Very mixed feelings.
With my first transplant the donor family made contact straight away and it was easier to respond until the kidney failed and I found it difficult to continue contact. What can you say when their precious gift has failed. You feel tremendously guilty.
With this transplant, I so want to thank them before it's too late, in case it happens again. So I want to initiate contact now. It's difficult to perceive how the donor's families feel about their letters ? I've emailed my Transplant Co-ordinator to ask her opinion/advice.
I suppose, for initial contact I could just say something along the lines of really sorry for your loss and thank you for the special gift of a kidney. But that seems very impersonal. Would they not want to know something more personal to where the kidney has ended up/ with whom/ how important it is to you/ how it's changed your life??? How I constantly think about my donor with affection?
It certainly brings a lot of emotional stuff up and makes you really think about the selfless act it is. I carried a donor card from the age of 16 but never gave it much thought beyond signing the card what it could mean, especially for my family.
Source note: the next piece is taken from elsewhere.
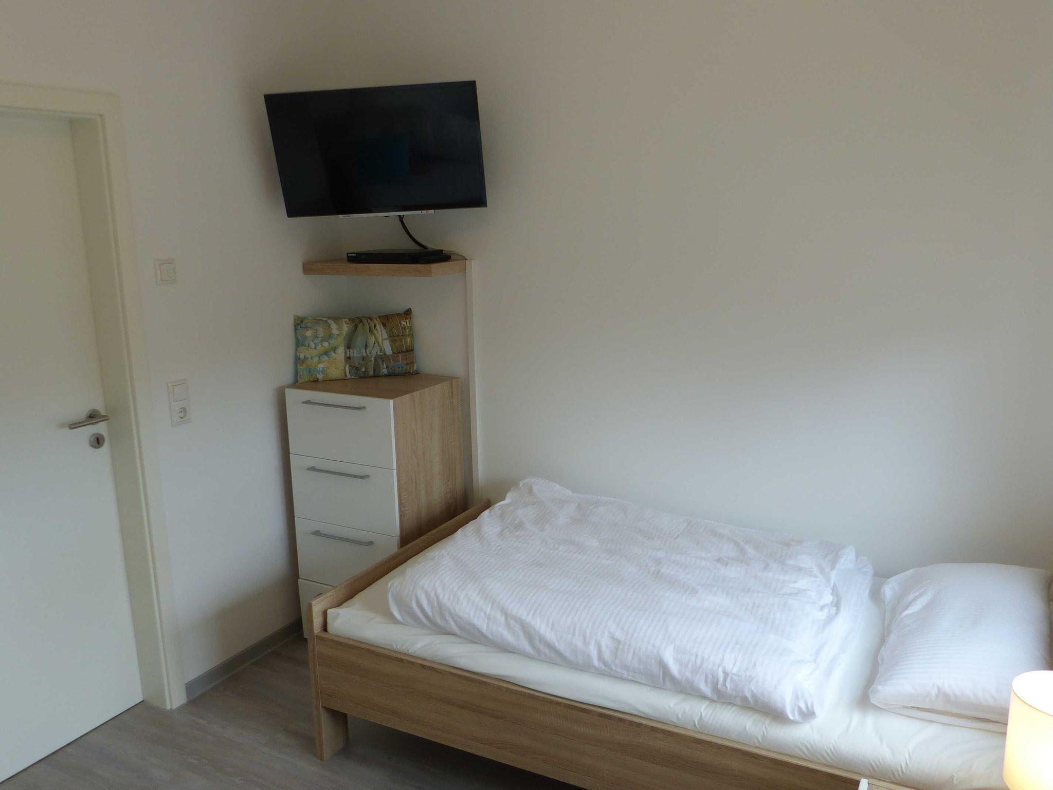 Das größere Schlafzimmer empfängt Sie mit einem gemütlichen Doppelbett. Das kleinere Zimmer ist mit zwei Einzelbetten und einem Fernseher mit DVD/Blu-Ray-Player ausgestattet. In beiden Räumen gibt es genügend Stauraum für Ihr Gepäck. Ein Kinderreisebett sowie ein Wäscheset pro Person können kostenpflichtig zugebucht werden.

People never talk about the important stuff.
Logged

10 years of half a life
3 years HD 1st transplant Feb 08 failed after 3 months
Back to HD 2nd transplant Dec 10 failed after 11 months
Difficult times with a femoral line and catching MSSA (Thank you Plymouth Hospital)
Back on HD (not easy to do that third time around)
Fighting hard (two years on) to do home HD ... watch this space!
Oh and I am am getting married 1/08/15 to my wonderful partner Drew!!!
The power of optimism over common sense :)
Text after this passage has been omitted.